If I owe you an email, all apologies. If you’re actually reading this blog in hope I’ll post something intelligent, apologies too. There will be something here soon. In the meantime, back to work.
A work interlude
For all sorts of good reasons, I try to keep this blog completely divorced from my day job. I don’t blog from there, and I don’t talk about what goes on within it’s secretive halls here. Still, today I thought a public acknowledgement was appropriate. I’ve been failing to find the motivation to update my skills to properly use both div-based layouts and cascading style sheets.
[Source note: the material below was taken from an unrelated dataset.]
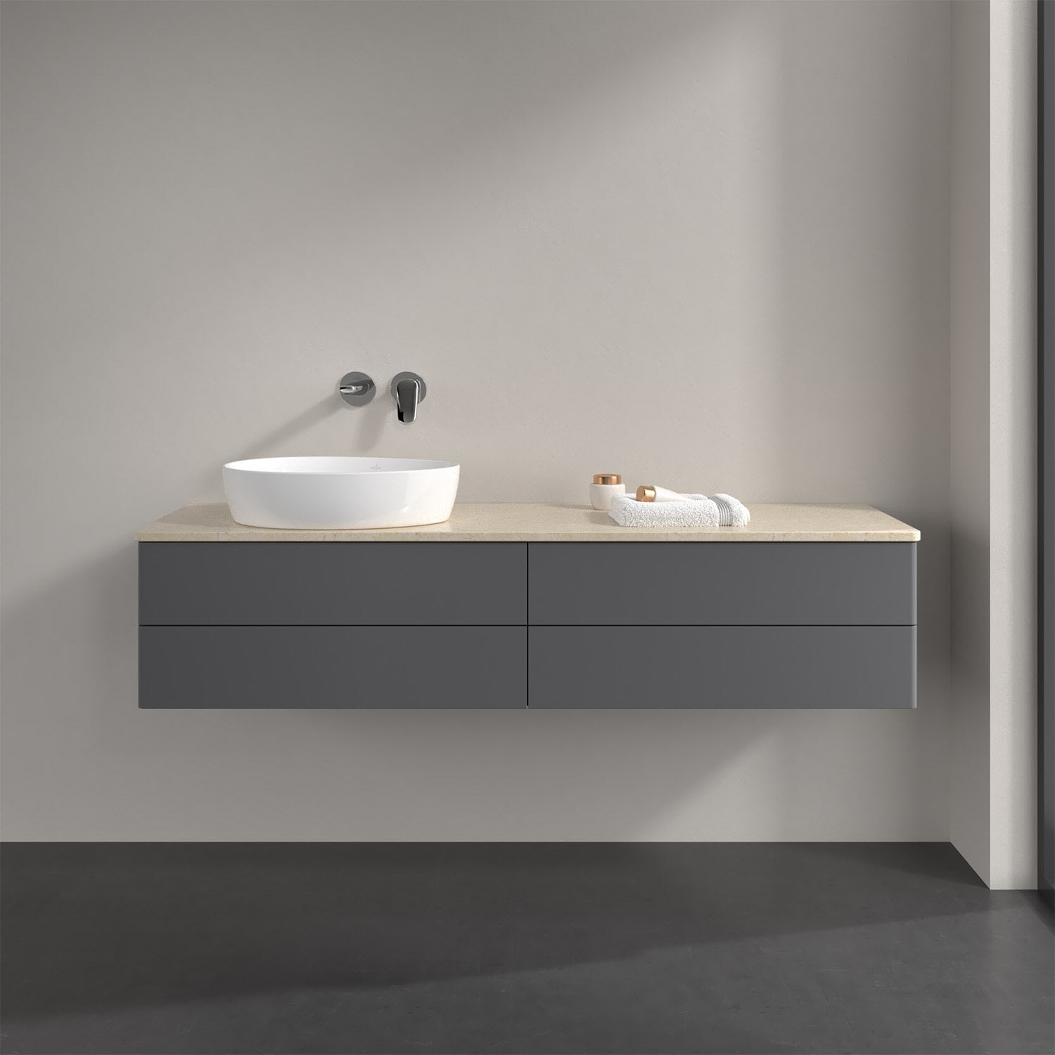 Villeroy & Boch Antao Waschbeckenunterschrank, 160 x 19 cm, 4 Auszüge, Fronten ohne Struktur, ohne Hahnloch, für Waschtisch links

This hasn’t really been a problem, but my colleague Nick has been a little irritated this past week that, while working together on a big project, some of my coding got a bit too rough around the edges. So, herewith: Nick, who knows and blogs about such things, is right, and I’m wrong. I must learn and use div layouts and .css just as soon as they current crazy times are past. And I will.
Catching up…
So, I didn’t blog about World Fantasy in Madison, where the International Society of the Little Pink Drink was convened, with at least one member in absentia. We’ll reconvene in Brisbane at Easter, hopefully with all members present. In the meantime, it occurs to me that there are some of you out there celebrating (hi USAians), some of you I owe manuscripts / proposals / emails / gifts / phone calls / other good stuff. I’m doing what I can, and you will get it soon. In the meantime, I’ve completed my share of the work on Fantasy: Best of 2005 and Science Fiction: Best of 2005. If all goes as it has in previous years, I’ll see nothing more till January, when copies will start to appear. This is the final year I’ll be co-editing those books with Karen Haber. It’s been fun, and I’ll miss sharing opinions with her. I also signed and returned the contracts for Best Short Novels: 2006, the third year’s best novellas book. I was interested (I think that’s the polite word) to see that the ms. is due on 15 February, so I guess you can all imagine one of the main things I’ll be doing in the best six or eight weeks.
I’m also a little taken aback to see if we’ve started the runup to the festive season already. Parties and ‘graduations’ at the girls’ schools, Christmas parties and such. I think it should be calmer this year (fingers crossed), and I’m determined to relax. It should be fun.